= Gilbert W. Stafford =

Gilbert "Gil" W. Stafford (December 30, 1938 – March 30, 2008) was an American scholarly and pastoral leader in the Church of God Movement (Anderson, Indiana). He was well known inside and outside his church group for his enthusiastic teaching and preaching. Stafford taught systematic theology for many years in the Anderson School of Theology and worked as the speaker for the formerly Christian Brotherhood Hour (CBH), later changed to Christians Broadcasting Hope. Additionally, he contributed in the field of Christian scholarship offering many books and articles from a Wesleyan-holiness perspective. His most substantial work was Theology For Disciples, published in 1996.

== Life ==
Stafford was born in Portageville, Missouri, on December 30, 1938, to D.C. and Orell Stafford. He graduated from Mt. Carmel High School in 1956 and Anderson College in 1961. Believing God wished him to be a minister, he enrolled in the Anderson University School of Theology in 1960.

In 1962, he moved to the Greater Boston area in Massachusetts to work as a pastor for the Malden Church of God. Stafford received his Master of Divinity degree at Andover Newton Theological School, along with his Th.D. from Boston University in 1973.

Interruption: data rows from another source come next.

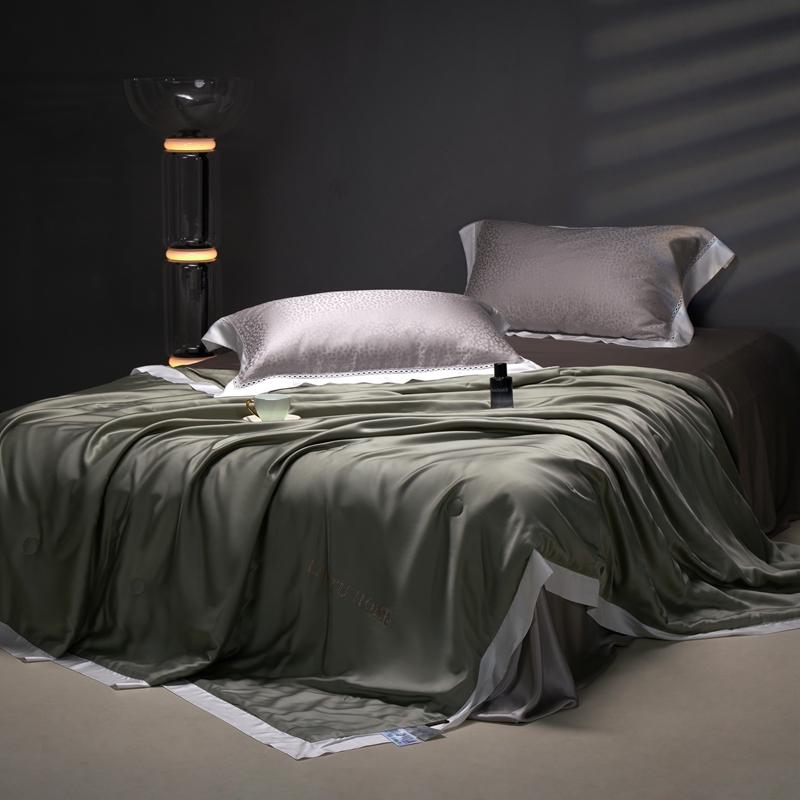 朴罗 ( 原岚图) 2024新款金蚕乳丝大宽边拼角单夏被 绿
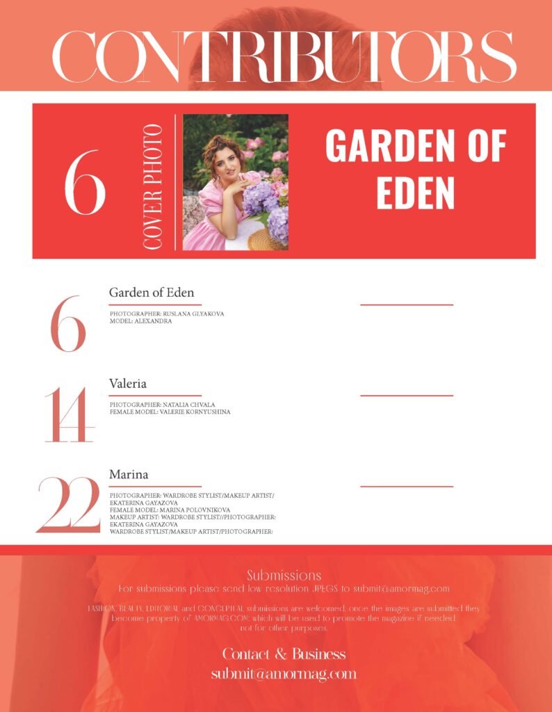 Amor Magazine is delighted to introduce “Paradise Garden”, a poetic and atmospheric editorial created by photographer Ruslana Glyakova. Through soft light, pastel tones, and ethereal compositions, this series transports us into a serene dream world where beauty feels untouched and effortless.
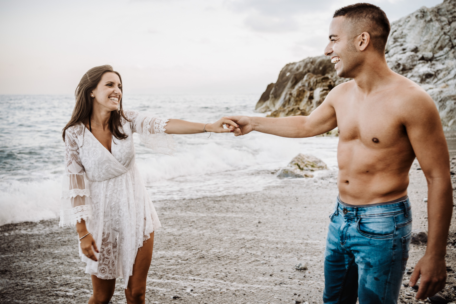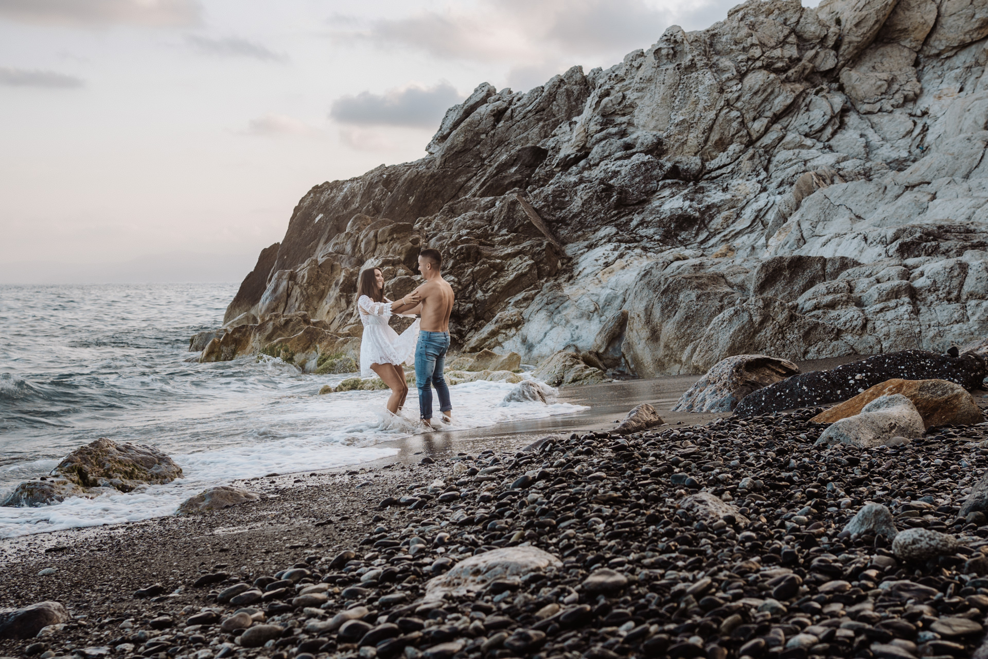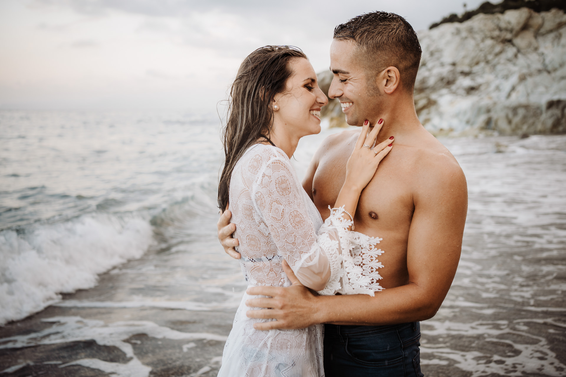 Una sessione di fidanzamento in spiaggia con tuffo finale!
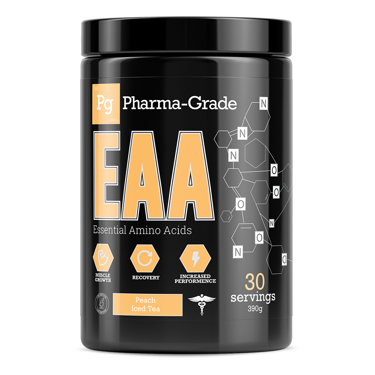 Pharma Grade EAA est le mélange parfait qui fournit 11 g d'acides aminés par portion. Cette formule contient 9 g d'acides aminés essentiels (EAA), dont 6 g d'acides aminés à chaîne ramifiée (BCAA) dans un rapport 2:1:1. De plus, chaque portion comprend 2500 mg de L-Glutamine.
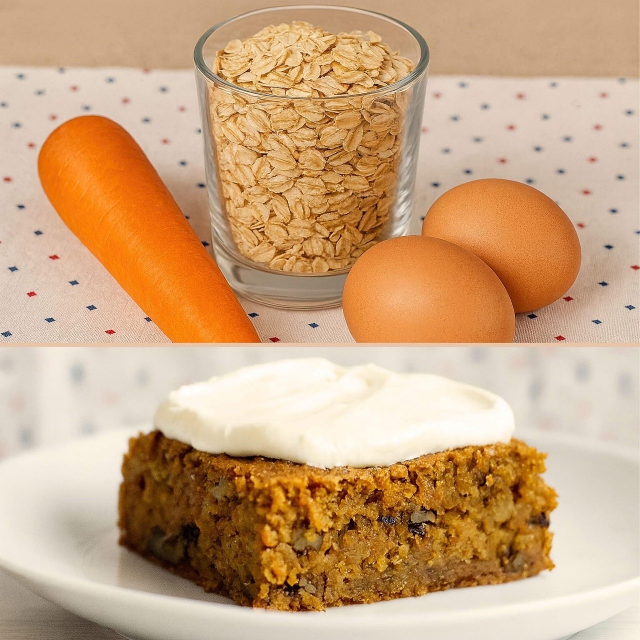 😎 Hemmeligheten ligger i havregrynene: de gir tekstur, metthetsfølelse og en subtil nøttesmak. Valnøtter gir en mild sprøhet som gjør hver bit til et lite eventyr. Gulrøttenes naturlige sødme skinner gjennom, balansert av den milde smaken av honning. Og yoghurten holder alt utrolig mykt uten å tynge det ned. Du vil lage den igjen, og snart blir den en del av familietradisjonen din. Det er det perfekte eksemplet på hvordan comfort food ikke trenger å være tung. Det er et bevis på at sunn baking fortsatt kan være helt uimotståelig. Hvert firkantede stykke ser gyllent, rustikk og innbydende ut. Den er også uendelig allsidig: topp den med kremost, drypp den med mørk sjokolade eller server den naturell med te – den skinner alltid. Denne gulrotkaken er ikke bare en oppskrift, det er en historie fortalt gjennom smaker. En historie om enkelhet, varme og glede som deles ved bordet. Og i dag kan denne historien begynne på ditt eget kjøkken.🥰

Dr. Stafford began work at the Anderson University School of Theology as professor of systematic theology in 1976. He eventually served the seminary in the roles of associate dean and dean of the chapel. He played a major role in developing Anderson's Doctor of Ministry degree before his retirement in 2007. Dr. Stafford died from cancer in the spring of 2008.

Among the many articles and books he wrote or contributed to some are Vision for the Church of God at the Crossroads (2002), Church of God at the Crossroads (2000), The Life of Salvation (1979), and Living as Redeemed People (1976).